● **What the task requires**
Please write out the full listing beneath this line exactly, skipping its images.

● **Source material**
+++++
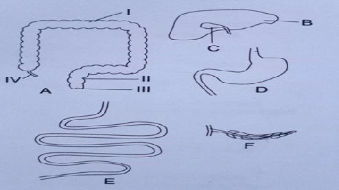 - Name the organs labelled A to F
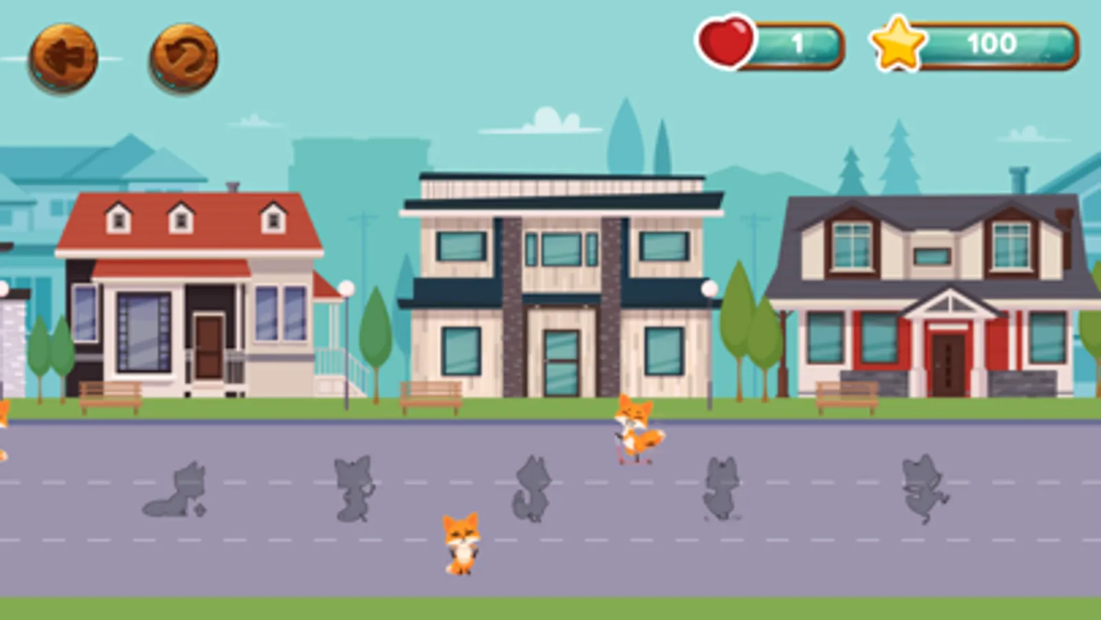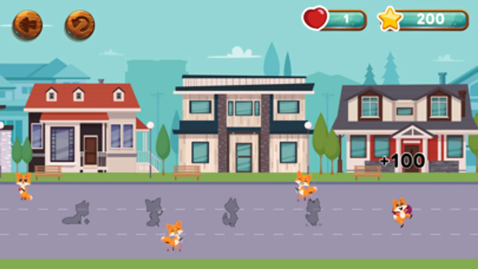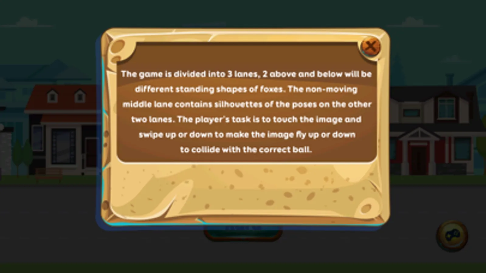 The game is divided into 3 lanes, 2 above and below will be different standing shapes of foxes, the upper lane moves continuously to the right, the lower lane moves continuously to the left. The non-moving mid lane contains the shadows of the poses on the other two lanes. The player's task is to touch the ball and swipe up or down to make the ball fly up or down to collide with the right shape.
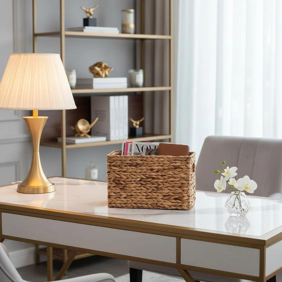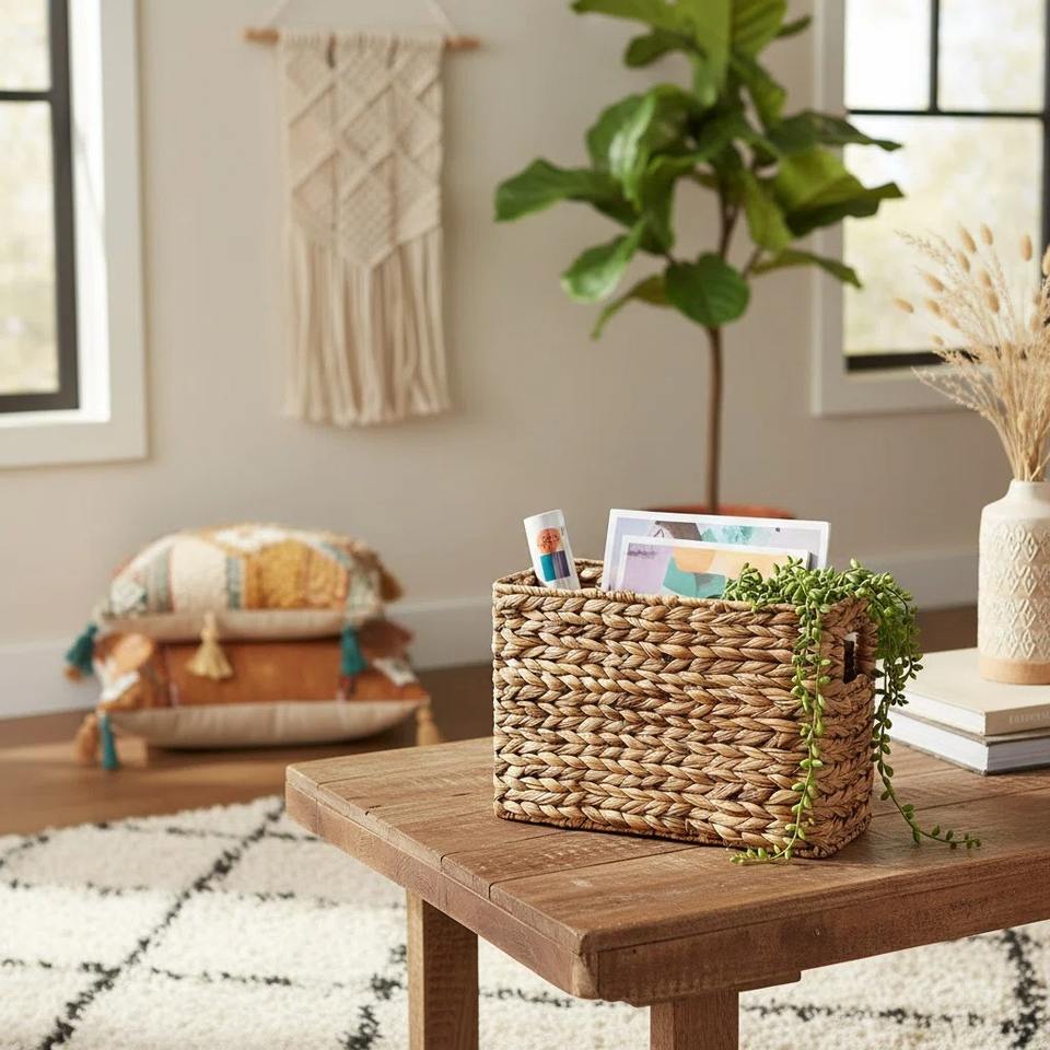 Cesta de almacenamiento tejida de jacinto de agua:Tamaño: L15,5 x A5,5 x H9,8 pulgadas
+++++
● **Written solution**
 - Name the organs labelled A to F
 The game is divided into 3 lanes, 2 above and below will be different standing shapes of foxes, the upper lane moves continuously to the right, the lower lane moves continuously to the left. The non-moving mid lane contains the shadows of the poses on the other two lanes. The player's task is to touch the ball and swipe up or down to make the ball fly up or down to collide with the right shape.
 Cesta de almacenamiento tejida de jacinto de agua:Tamaño: L15,5 x A5,5 x H9,8 pulgadas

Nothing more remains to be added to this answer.